Problem statement> In the copy, include no pictures, but reproduce every record exactly.

Dataset items>
+ + +

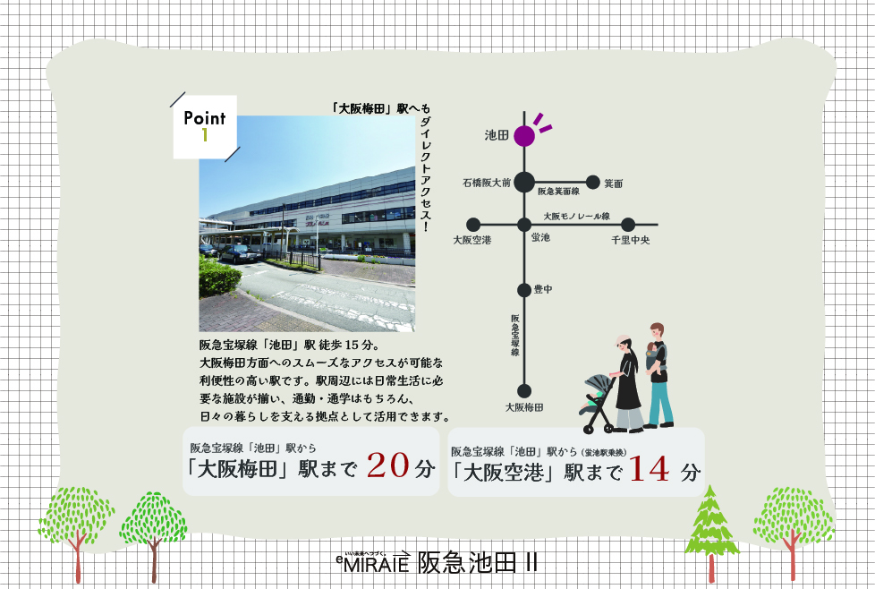阪急宝塚線「池田」駅まで徒歩15分。大阪梅田方面へもスムーズにアクセスでき、通勤・通学はもちろん、休日のお出かけにも便利な立地です。
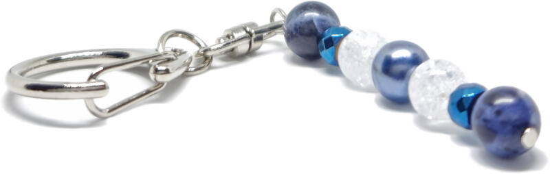 Kiváló minőségű valódi szodalit ásványból készült ásvány kulcstartó. A szodalit mélykék árnyalatával a nyugalmat és önbizalmat erősíti, miközben a tiszta kommunikáció és belső harmónia szimbólumaként viselik. A kulcstartó valódi szodalit, roppantott hegyikristály matt, shell pearl (kék) 8-9 mm ásványból és hematit dísszel készült. Az ásvány, kulcstartó f
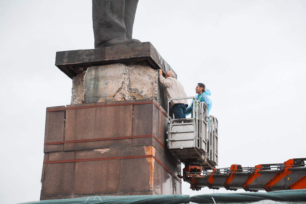 В Туле приступили к демонтажу гранитных плит на постаменте памятника Ленину
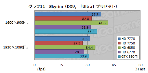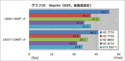 というわけでグラフ10,11は,Call of Duty 4と同じDirectX 9.0c世代ながら,最新世代の3DゲームタイトルとなるSkyrimの結果だ。Skyrimではグラフィックス設定を高くするとグラフィックスメモリ周りがスコアを大きく左右するようになるため,16 ROP,128bitメモリインタフェースのRadeon HD 7700シリーズはかなり不利なのだが,そんななか,低負荷設定でHD 7770がトップスコアを示したのは注目したいところである。
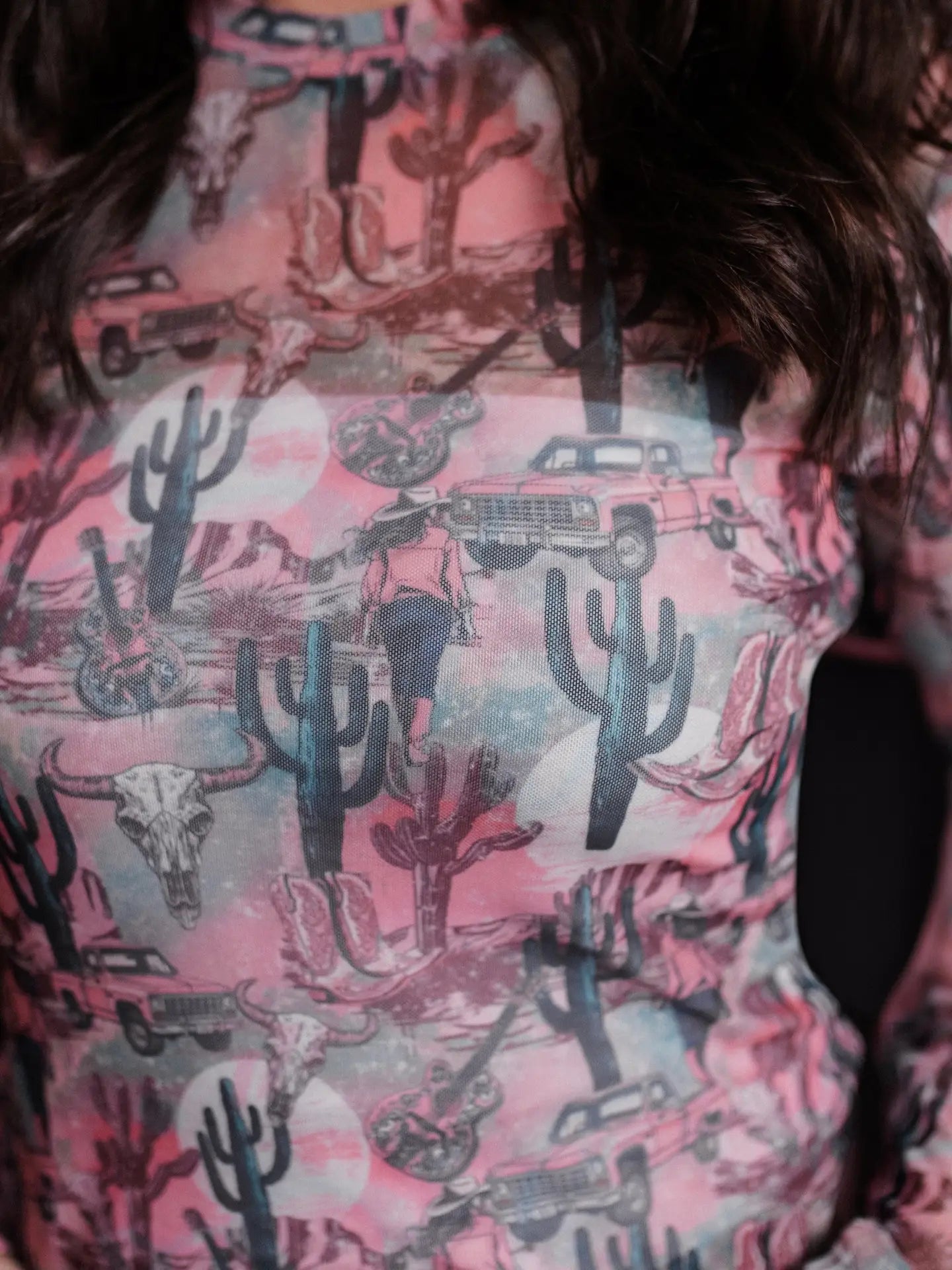 Embrace the sunset vibes with this playful pink mesh long sleeve top. Its lightweight, breathable fabric keeps you cool while adding a touch of western flair to your look. Perfect for layering or wearing solo, it’s a fun way to brighten up any outfit with a hint of sunset-inspired charm.
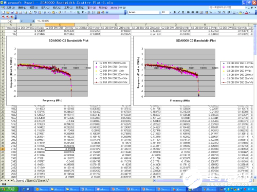 此外,在计量波特图时需要对示波器每个档位都进行计量,最终产生的波特图是所有档位的结果叠加在一起的。波特图的计量是需要半天时间完成的,并不是想象中那么轻松的工作。如图8所示是力科SDA9000的波特图。
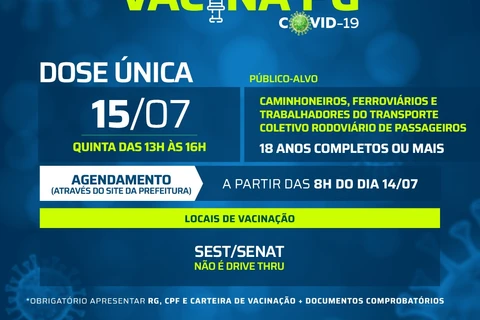 Ainda na quinta-feira (15), também no período da tarde, das 13h às 16h, estará acontecendo a vacinação de dose única para caminhoneiros, ferroviários e trabalhadores do transporte coletivo rodoviário de passageiros, com 18 anos completos ou mais. A aplicação será no Sest/Senat, não será modalidade Drive Thru. Todos devem comparecer com RG, CPF, carteira de vacinação e documentos comprobatórios. Será necessário agendar a vacinação no site da Prefeitura, amanhã (14), a partir das 8h.
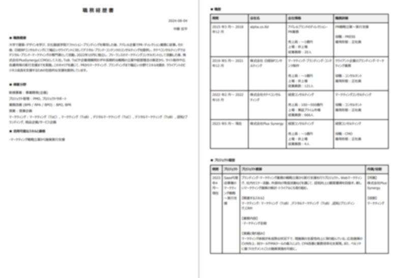 職務経歴書を提出する際、PDF(デザイン or シンプル)とExclelの形式にて出力可能にしました。提案先の要望や自身の好みに応じてご選択いただけます。
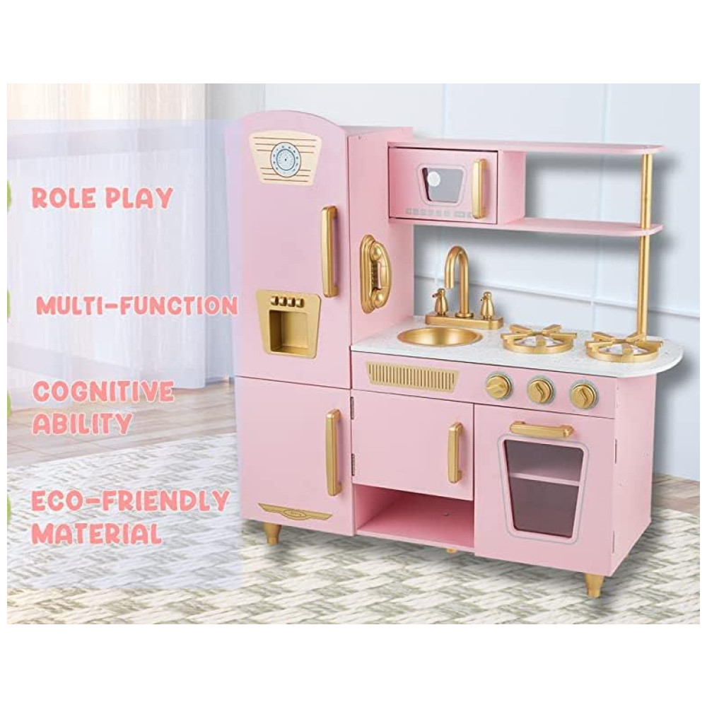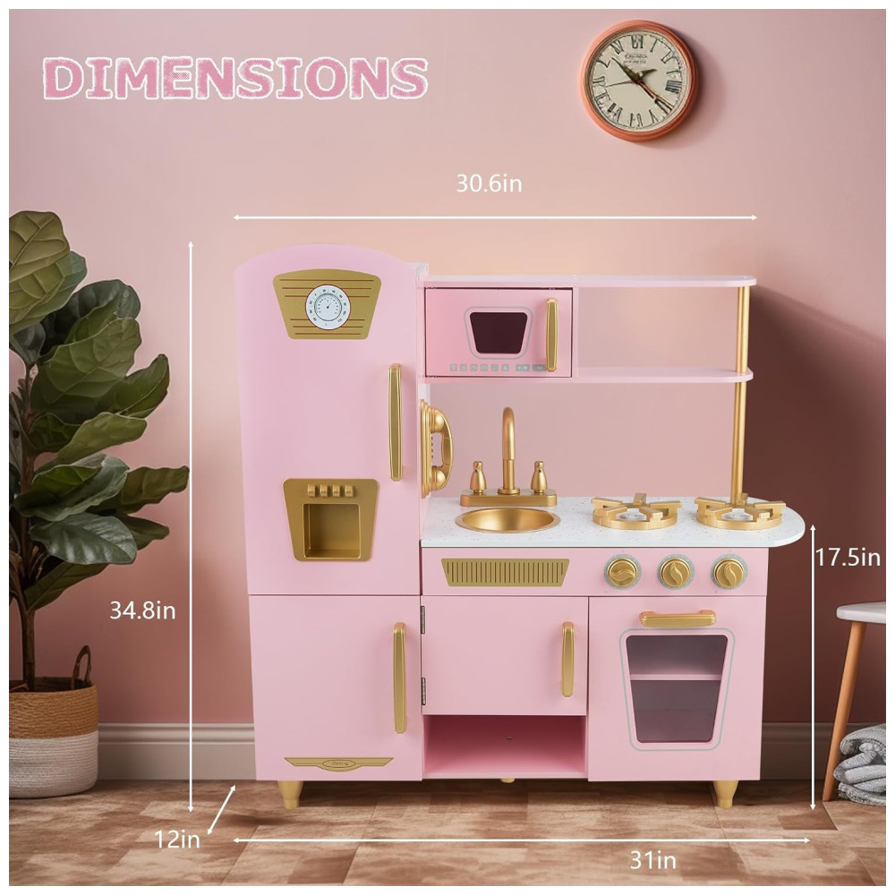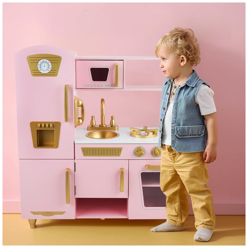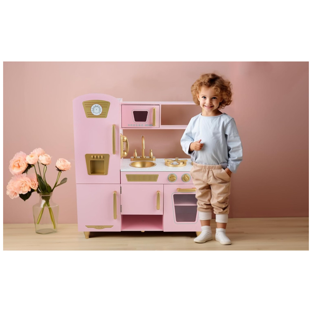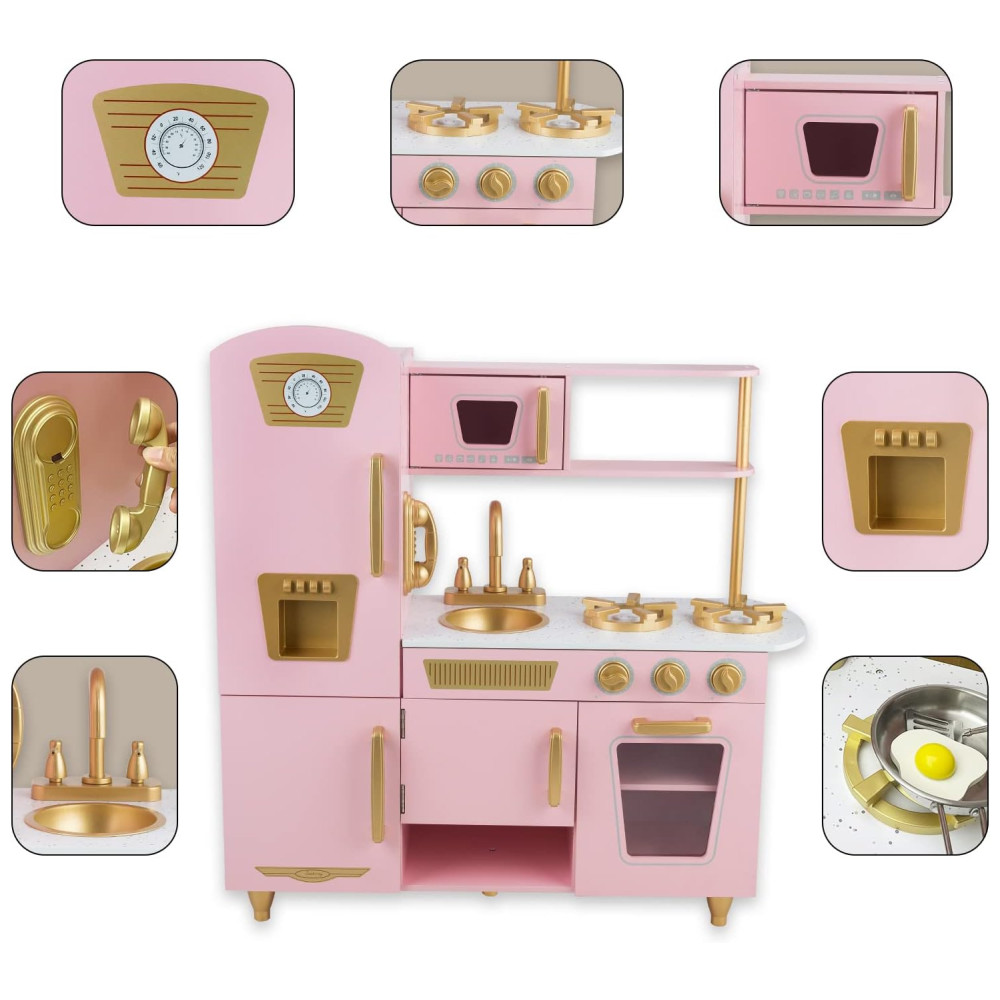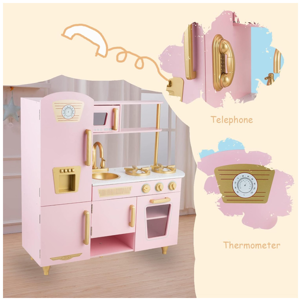 Cozinha Infantil em Madeira com Telefone Micro-Ondas Geladeira Torneira e Pia Realistas para Crianças Acima de 3 Anos WoodenEdu Rosa

+ + +

Response>
阪急宝塚線「池田」駅まで徒歩15分。大阪梅田方面へもスムーズにアクセスでき、通勤・通学はもちろん、休日のお出かけにも便利な立地です。
 Kiváló minőségű valódi szodalit ásványból készült ásvány kulcstartó. A szodalit mélykék árnyalatával a nyugalmat és önbizalmat erősíti, miközben a tiszta kommunikáció és belső harmónia szimbólumaként viselik. A kulcstartó valódi szodalit, roppantott hegyikristály matt, shell pearl (kék) 8-9 mm ásványból és hematit dísszel készült. Az ásvány, kulcstartó f
 В Туле приступили к демонтажу гранитных плит на постаменте памятника Ленину
 というわけでグラフ10,11は,Call of Duty 4と同じDirectX 9.0c世代ながら,最新世代の3DゲームタイトルとなるSkyrimの結果だ。Skyrimではグラフィックス設定を高くするとグラフィックスメモリ周りがスコアを大きく左右するようになるため,16 ROP,128bitメモリインタフェースのRadeon HD 7700シリーズはかなり不利なのだが,そんななか,低負荷設定でHD 7770がトップスコアを示したのは注目したいところである。
 Embrace the sunset vibes with this playful pink mesh long sleeve top. Its lightweight, breathable fabric keeps you cool while adding a touch of western flair to your look. Perfect for layering or wearing solo, it’s a fun way to brighten up any outfit with a hint of sunset-inspired charm.
 此外,在计量波特图时需要对示波器每个档位都进行计量,最终产生的波特图是所有档位的结果叠加在一起的。波特图的计量是需要半天时间完成的,并不是想象中那么轻松的工作。如图8所示是力科SDA9000的波特图。
 Ainda na quinta-feira (15), também no período da tarde, das 13h às 16h, estará acontecendo a vacinação de dose única para caminhoneiros, ferroviários e trabalhadores do transporte coletivo rodoviário de passageiros, com 18 anos completos ou mais. A aplicação será no Sest/Senat, não será modalidade Drive Thru. Todos devem comparecer com RG, CPF, carteira de vacinação e documentos comprobatórios. Será necessário agendar a vacinação no site da Prefeitura, amanhã (14), a partir das 8h.
 職務経歴書を提出する際、PDF(デザイン or シンプル)とExclelの形式にて出力可能にしました。提案先の要望や自身の好みに応じてご選択いただけます。
 Cozinha Infantil em Madeira com Telefone Micro-Ondas Geladeira Torneira e Pia Realistas para Crianças Acima de 3 Anos WoodenEdu Rosa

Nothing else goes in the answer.